Zmysłowość i charyzma. Gaya Rosa z debiutanckim singlem „Pantera” [RECENZJA]

„Pantera” to tytuł pierwszego singla Gai Rosy. Do piosenki będącej połączeniem jazzu, soulu, popu, world music, a nawet muzyki klasycznej powstał teledysk. To nowa jakość na polskiej scenie muzycznej.

fot. materiały prasowe

Jest w tym siła, determinacja oraz umiejętność kreatywnego zobrazowania dosyć specyficznego wyrazu artystycznego. Kryje się w tym także subtelność i połączenie międzygatunkowe, tworzące nową jakość na polskim rynku muzycznym.
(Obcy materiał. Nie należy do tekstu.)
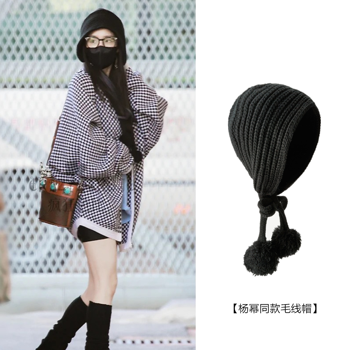 杨幂同款黑色毛线帽子女秋冬保暖护耳学生百搭网红长辫子针织帽潮
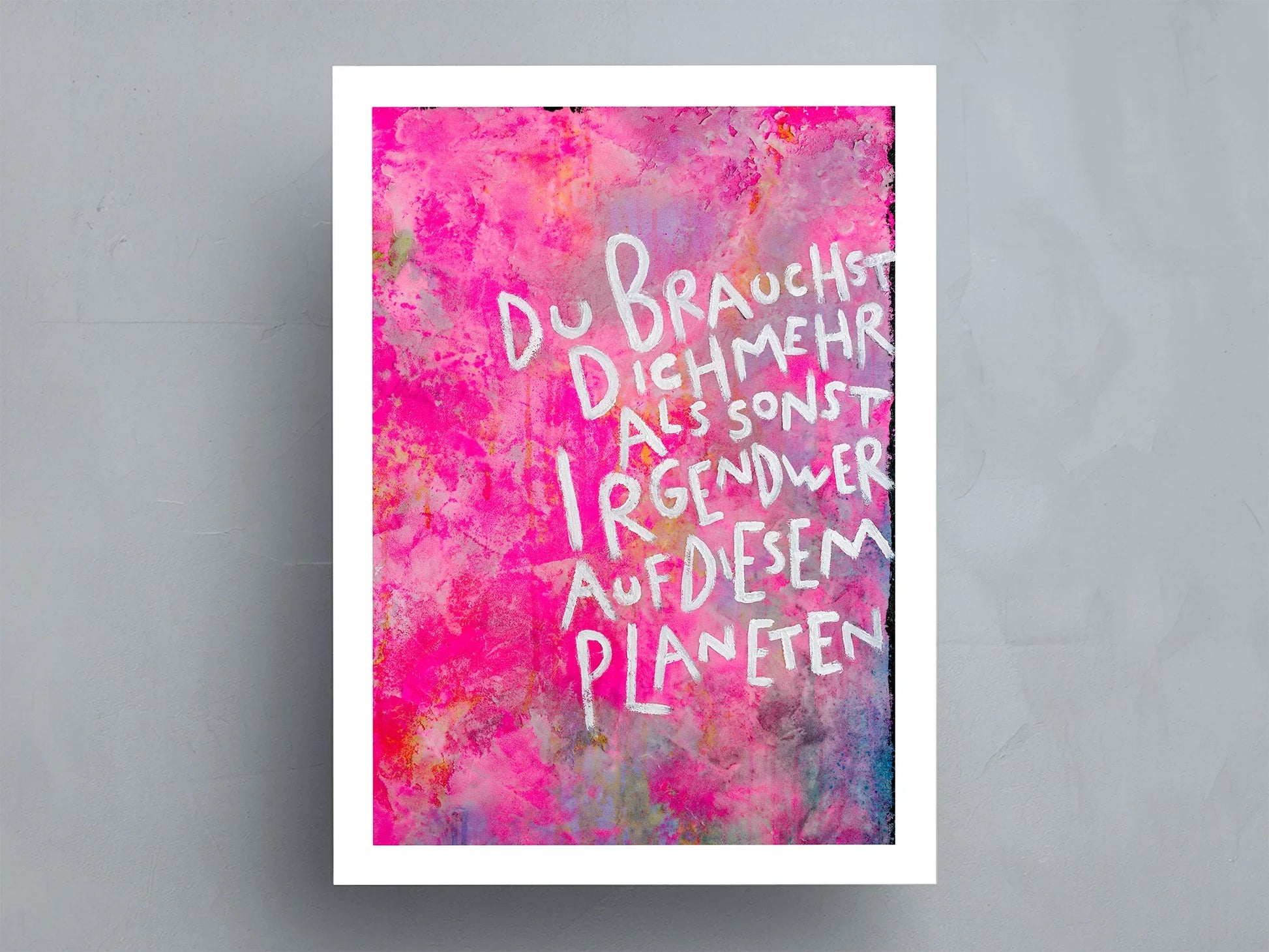 Jedes Kunstwerk, das du in meinen Händen hältst, ist von Anfang bis Ende ein Stück meiner selbst: Ich male, drucke, verpacke und verschicke jeden Print persönlich – mit viel Liebe zum Detail und einer Leidenschaft, die in jedem Schritt spürbar ist. Als kleines Dankeschön lege ich zu jeder Bestellung immer eine Postkarte und einen Sticker bei, um dir ein Lächeln zu schenken.
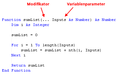 Im folgenden Beispiel ist eine Funktion dargestellt, die einen Variablenparameter des Typs Zahl aufweist. Argumente, die über einen Funktionsaufruf bereitgestellt werden, müssen vom Typ Zahl oder Ganzzahl sein.
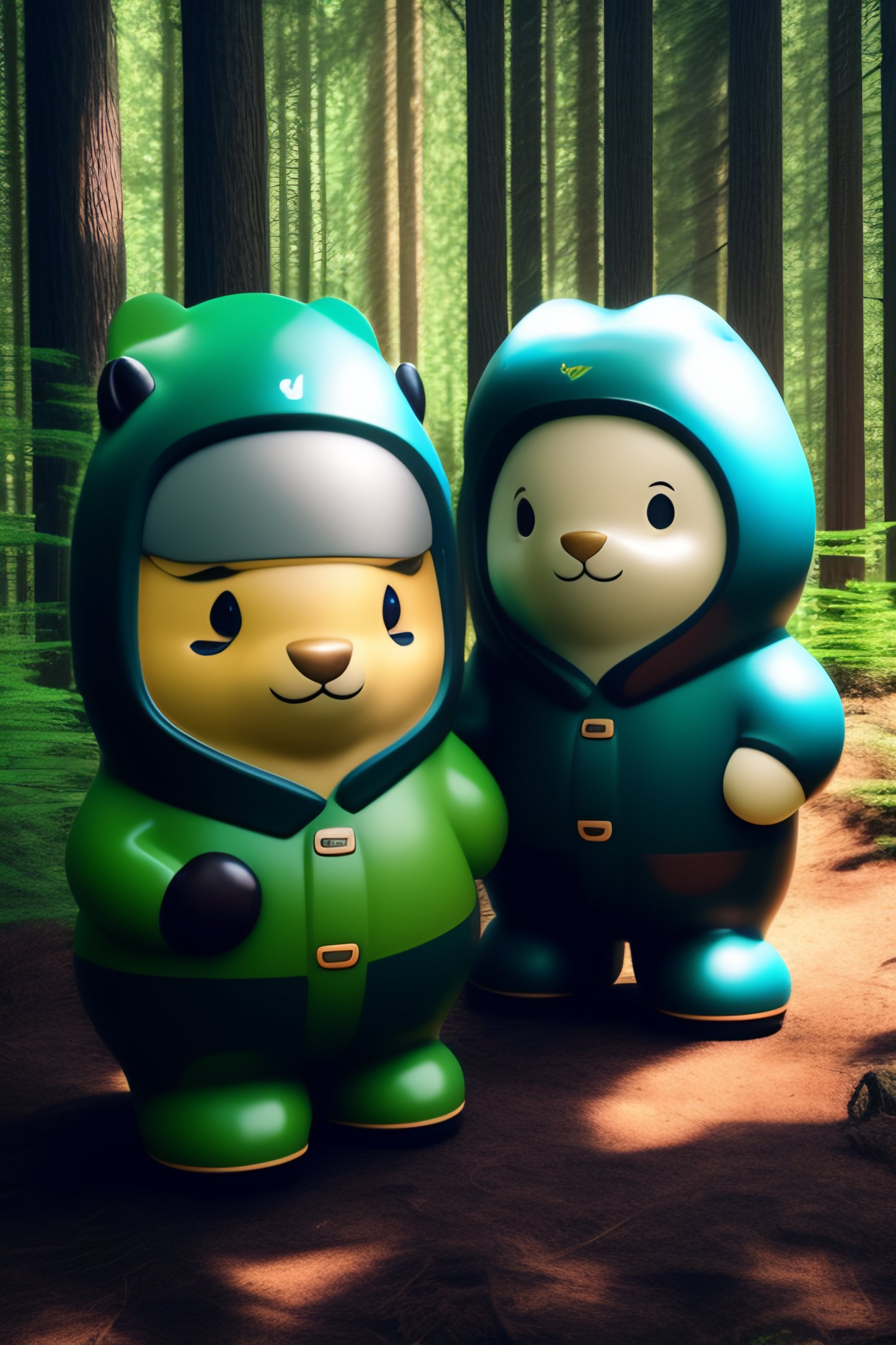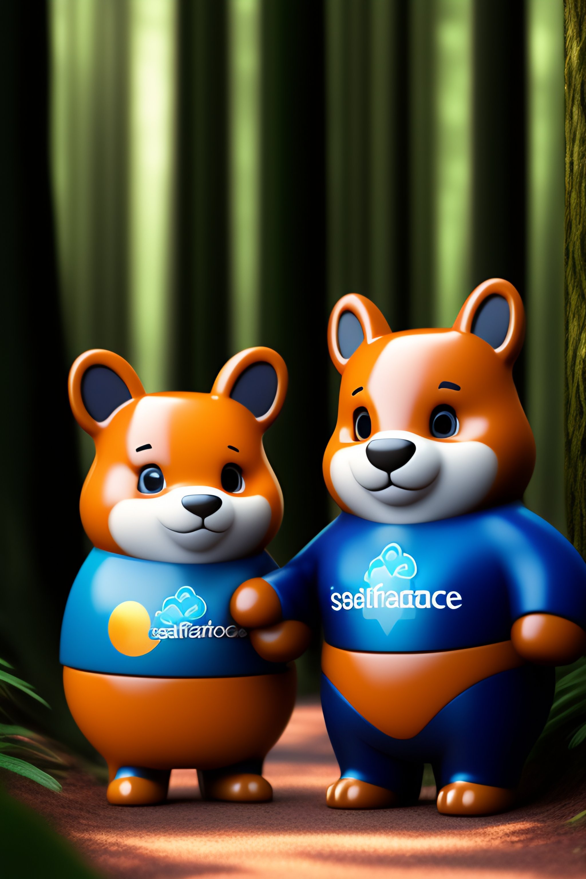 Salesforce mascots in a forest
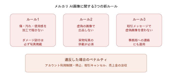 2026年3月25日に、メルカリが出品時や取引における「生成AI画像」や「画像加工アプリ」の使用に関する重大な注意喚起を公開しました。

Mowa o debiutanckim singlu „Pantera” Gai Rosy, która niezwykle świadomie podąża za głosem własnych zainteresowań i emocji, jakże szeroko zaprezentowanych przy tej okazji.

Warto również dostrzec szlachetność, kryjącą się za wyważoną formą muzyczną. A ta została oparta na brzmieniu żywego instrumentarium, które tworzy tło do przekazu, tak istotnego w przypadku wokalistki, która bardzo świadomie podeszła do wyrażenia siebie poprzez ten utwór.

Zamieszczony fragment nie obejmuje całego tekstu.